One of the famous and convenient test cases for shock wave modeling is the 1D Sod's shock tube. This is a Riemann problem for the compressible Euler equations of gas dynamics. The initial set up has been done by dividing domain half with diaphragm. The left and right sides of the domain have initial values chosen to generate a shock wave. The left region has initial pressure and density values higher then those in the right region. Velocities are zero on both sides of the diaphragm.

In my case, I know the initial Mach number of the shock wave and the right hand side initial values. I wish to know how to determine the initial values for the left side when only the Mach number and initial right state are given.

Answer 1

I have implemented the solution derived below using PyClaw in an IPython notebook. If you download that, you can adjust the initial values and see the computed solutions.

General setup

In the solution of a Riemann problem for the 1D Euler equations, there are generally 3 waves. Two of them are genuinely nonlinear; the other is a contact discontinuity, which only carries a jump in the density. My understanding is that you'd like to set up initial left and right states such that the velocity is initially zero everywhere, the rightmost wave is a shock moving at Mach number $M$ relative to the right-state sound speed, and the leftmost wave is a rarefaction (you didn't specify the last requirement, but it would make the problem analogous to the Sod shock tube). This situation is depicted in the figure below, which also establishes the notation I'll use.

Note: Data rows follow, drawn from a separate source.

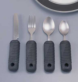 Suregrip Knife. Comfortable ribbed built-up handle helps people with weak grasp hold utensil securely. Stainless steel with rubber handle. Dishwasher safe.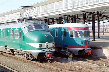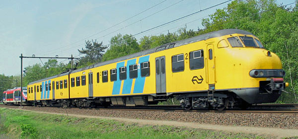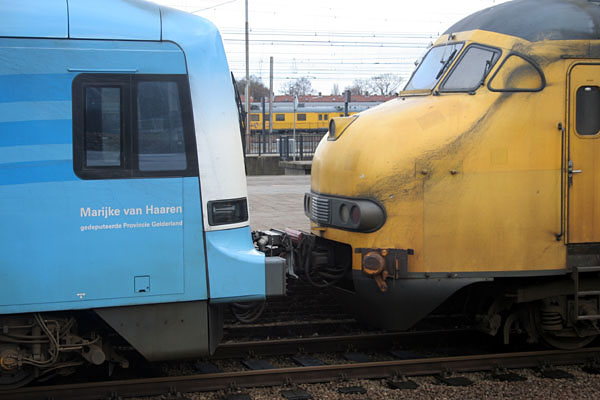 Treinstel 766 gekoppeld met motorrijtuig 41 (Amersfoort, 23 april 2005) en met treinstel 252 (foto Dennis Revier, Alkmaar, 10 april 2005). De elektrische contacten zijn niet doorverbonden. Bij de 41 is dit niet toegestaan omdat dit een dieseltrein is, en bij de 252 niet omdat dat treinstel geen elektrische installatie meer bezit. Bij de dieseltreinen zijn de beschermkappen van de contactdozen blauw geschilderd, ter onderscheiding van de rode contactdozen van het elektrische materieel. |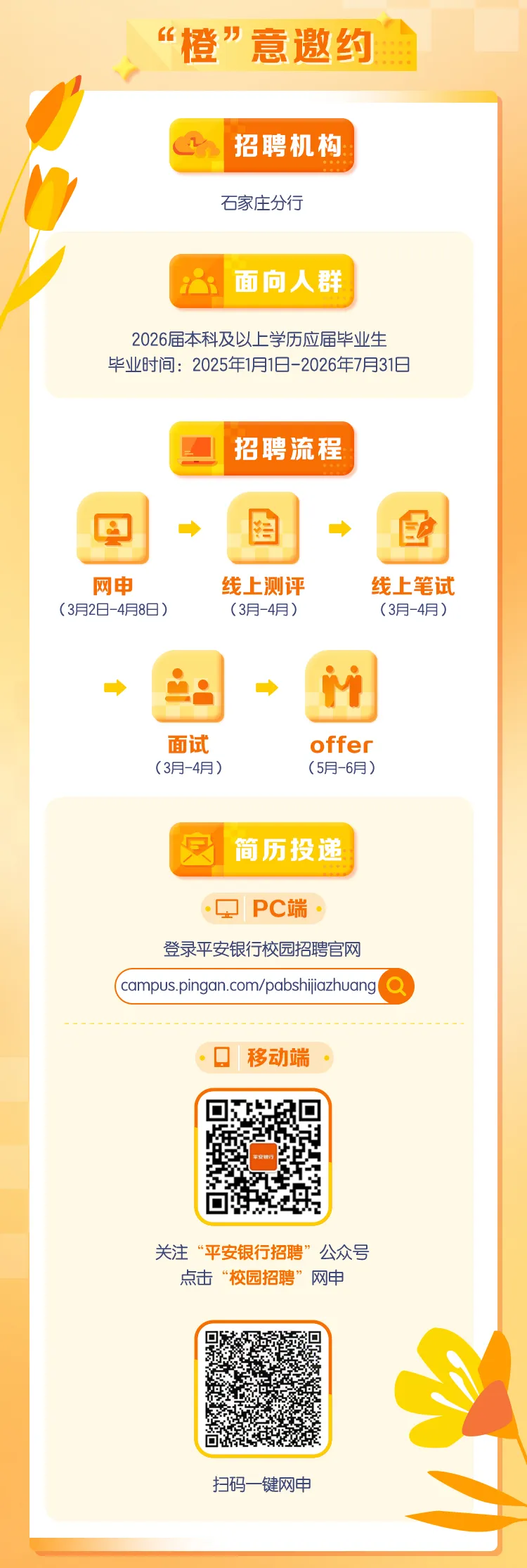 石家庄 | 平安银行石家庄分行2026届春季校园招聘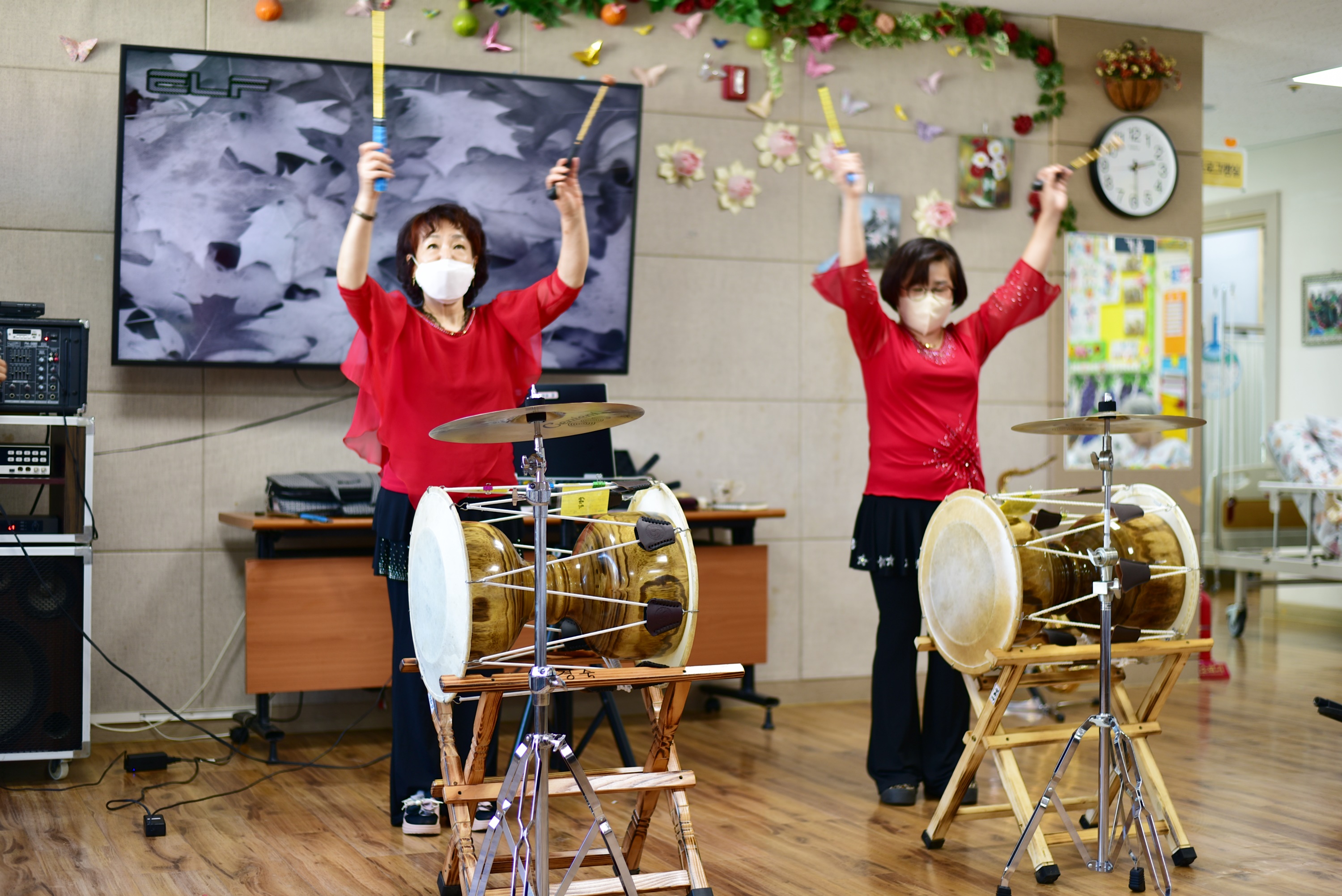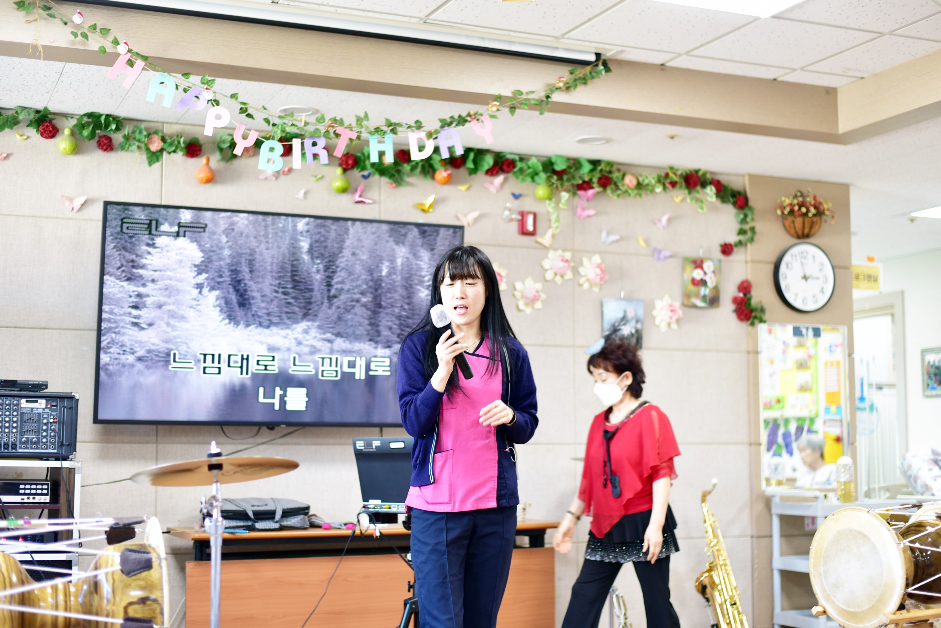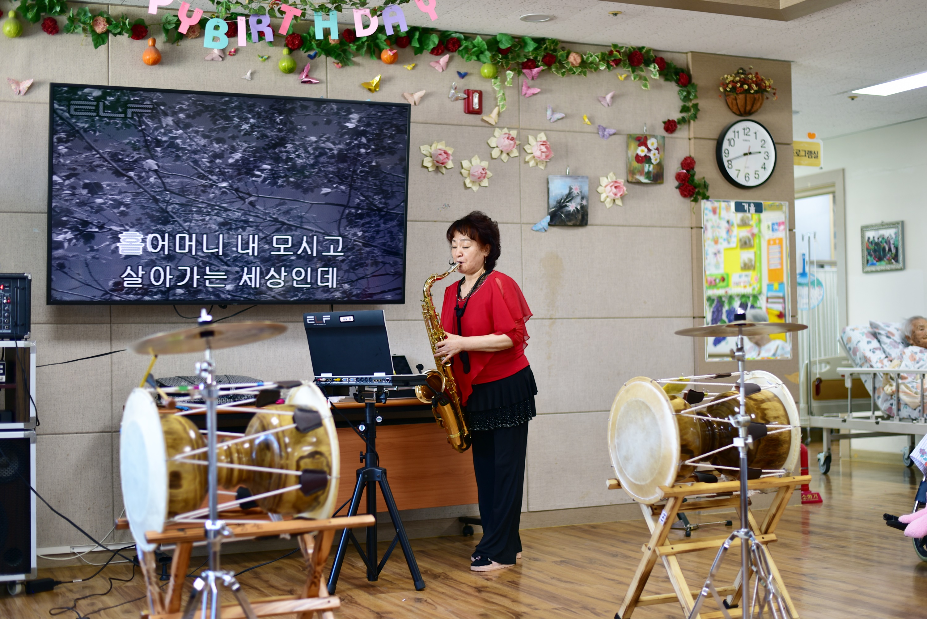 직원들이 장구 색소폰 노래 등을 배워 기량을 발휘 해 주셨습니다 어르신들을 위해 자기 개발을 열심히 하시는 선생님들 늘 감사함입니다 ~ 생신잔치에도 멋진 공연을 보여주셨습니다. |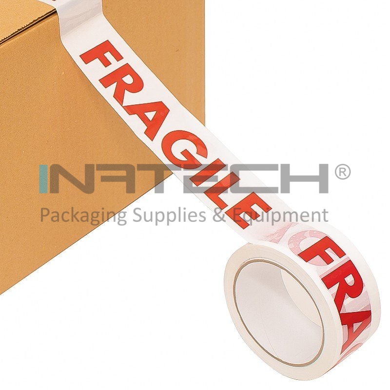 Banda adeziva personalizata FRAGIL pentru ambalare pe suport din BOPP (polipropilena biaxial orientata) cu adeziv acrilic. Banda adeziva FRAGIL este silentioasa, nu face zgomot la derulare si este un produs de atentionare cu un nivel de performanta foarte bun, fiind o alegere mai sigura si mai putin costisitoare. Aceasta banda adeziva nu necesita masuri suplimentare de siguranta ca in cazul benzilor adezive cu adeziv solvent si este rezistenta la imbatranire. Poate fi stocata si utilizata perioade lungi de timp fara a-si pierde proprietatile. Este folosita pentru sigilarea ambalajelor ce contin obiecte fragile.

Finding the state behind the shock

Let $$\mu = \frac{2(M^2-1)}{M(\gamma+1)}.$$

Using the Rankine-Hugoniot conditions, we find that the state just to the right of the contact is given by the following:

\begin{align} \rho_r^*& = \rho_r \frac{M}{M-\mu} \\ u & = \mu c_r \\ p & = p_r \frac{(2M^2 -1)\gamma+1}{\gamma+1}. \end{align}

If you were willing to have a non-zero velocity for the left state, you could stop here and use the values just derived for the left state. If you want $u_l=0$, read on.

Finding the left state

Next, we know that the left state and the $[\rho_l^*, u, p]$ state must be connected by a left-going rarefaction. The relevant Riemann invariants imply

$$\rho_l = \frac{4\gamma p_l}{(\gamma-1)^2 u^2} \left(1- \left(\frac{p}{p_l}\right)^{\frac{\gamma-1}{2\gamma}}\right)^2$$

and

$$\rho_l^* = \left(\frac{p}{p_l}\right)^{1/\gamma} \rho_l.$$

So we can prescribe any value we like for $p_l$ and compute the remaining values $\rho_l,\rho_l^*$ from the equations above. The only catch is that the resulting rarefaction should satisfy the entropy condition, which is true if $p_l>p$.

Notes

I worked this out using Chapter 14 of Randall Leveque's text on finite volume methods.

There is a 1-parameter family of possible left states (which seems obvious once you check the number of unknowns and constraints).

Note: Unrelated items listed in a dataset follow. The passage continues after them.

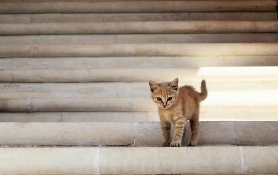Маленький котенок возник из ниоткуда. Услышала его мяуканье, оглянулась, он сразу подбежал и не отставал ни на шаг. Зашли с ним в монастырь, он там осмелел, стал бегать и резвиться, но далеко не убегал, возвращался. Что с ним делать-то? Постепенно он освоился и пошел по своим делам. Оставила его в монастыре, надеясь, что голодным не останется. Там много кошек,и их любят. Может, кто-нибудь из прихожан заберет.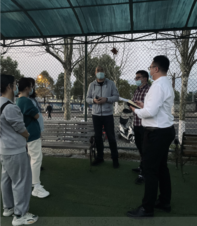 首先,全体学工人员提前到核酸检测地点,组织员工有序进场进行核检测,在参检之前,院学工办专门开了员工干部专题工作会,对员工参加核酸检测做了具体的安排。在员工参加核算检测期间,副书记何兴权组织全体学工人员在篮球场开工作短会,要求各年级组织好本次及15日的核算检测,做到100%检测;在疫情防控工作中要教育和引导员工,严格遵守公司的各项制度和要求,服从管理;为了便于管理,统一了近期员工请假离校的条件和要求。随后全体老师集中讨论了公司第三周的员工教育管理工作,进一步明确了工作重点。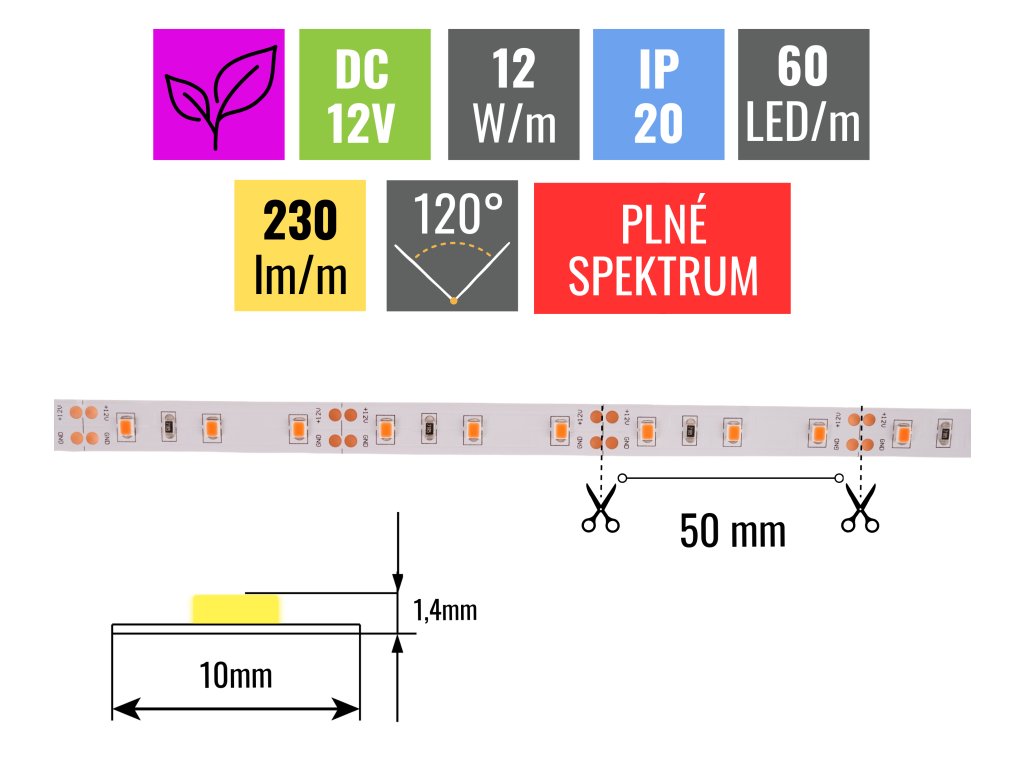 LED pásik 12W/m 12V bez krytia IP20 pre rastliny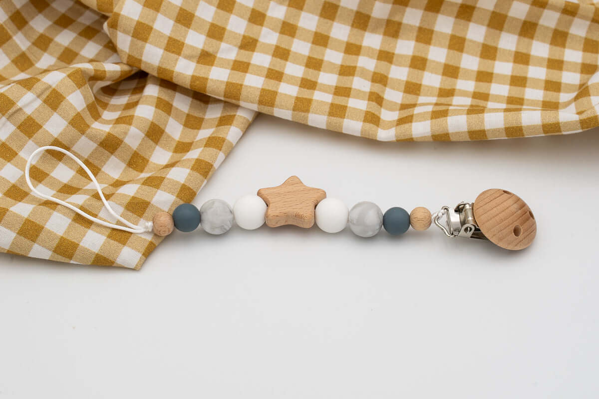 Il materiale è sicuro se il mio bambino lo porta in bocca?Assolutamente sì. Utilizziamo silicone di grado alimentare privo di BPA e ftalati conforme alla normativa REACH. Il legno di faggio è naturale e il clip da 35mm è sicuro per il contatto con il bambino.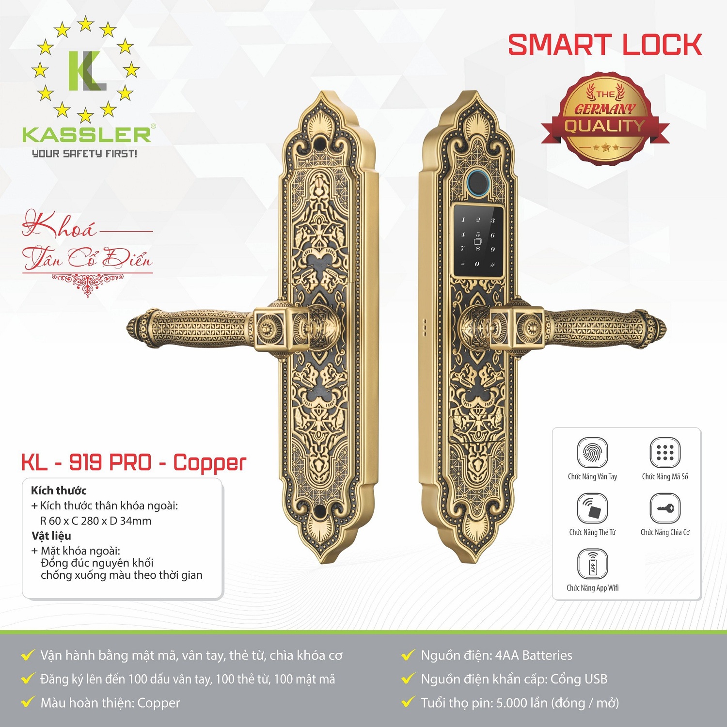Khóa vân tay tân cổ điển Kassler KL-919 PRO APP là dòng khóa cửa thông minh dành riêng cho các tín đồ yêu thích vẻ đẹp tân cổ hiện đại và sang trọng. Kassler Việt Nam cung cấp khóa tân cổ Kassler KL-919 PRO APP chính hãng từ nhà sản xuất, chúng tôi là nhà phân phối duy nhất tại Việt Nam, hứa hẹn mang lại cho khách hàng dịch vụ tốt nhất.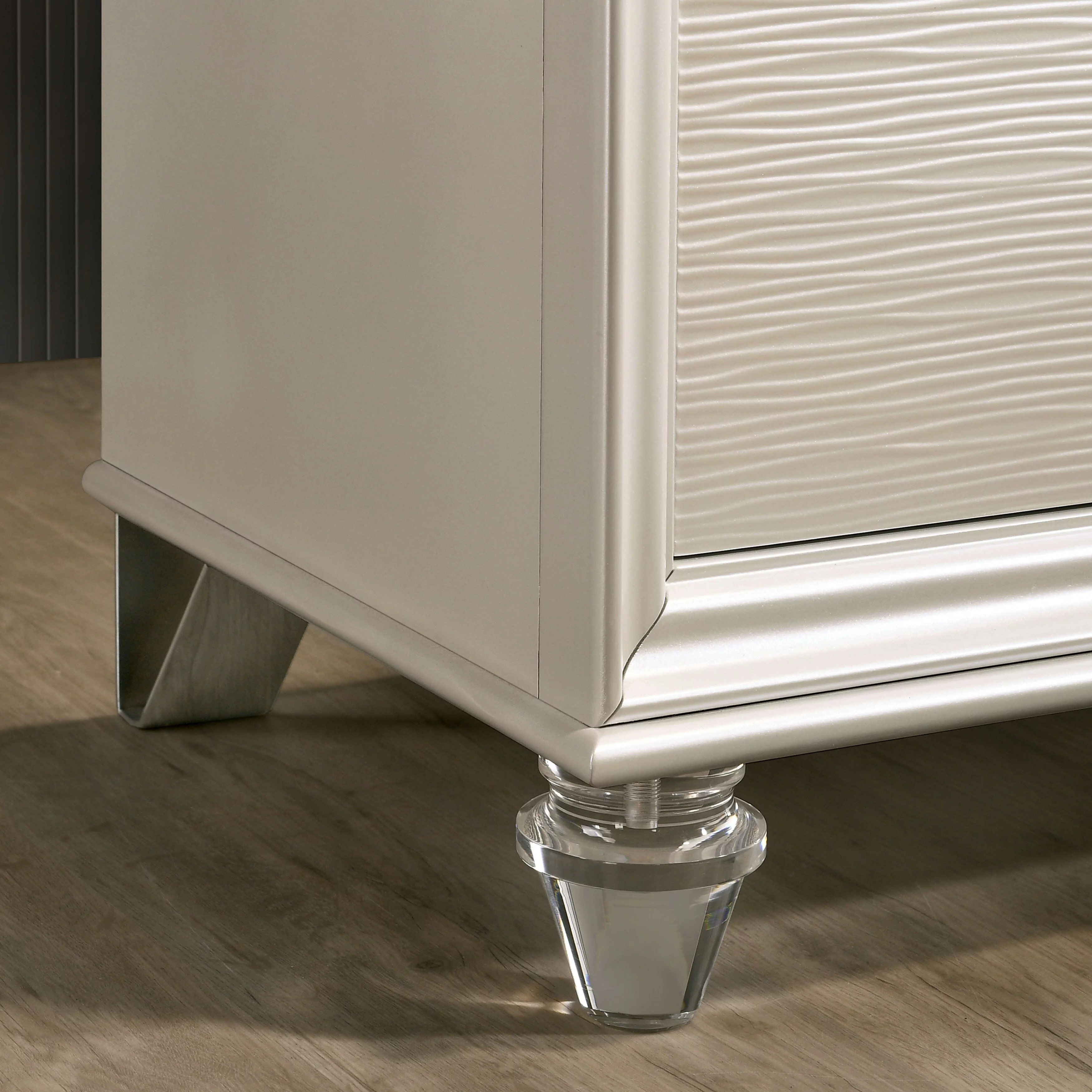Ashland 5 Drawer Chest in Modern White Embossed Alligator & Mirror

If you didn't restrict the left-state velocity to be zero, it would be possible to set up a problem where only the shock wave appears by taking the left state to be $(\rho_r^*, u, p)^T$. But since you want zero initial velocities, it's necessary to use the full procedure described above.

Answer 2

If I recall my compressibles, you want to use the normal shock equations. You'll also need to pick a $\gamma$.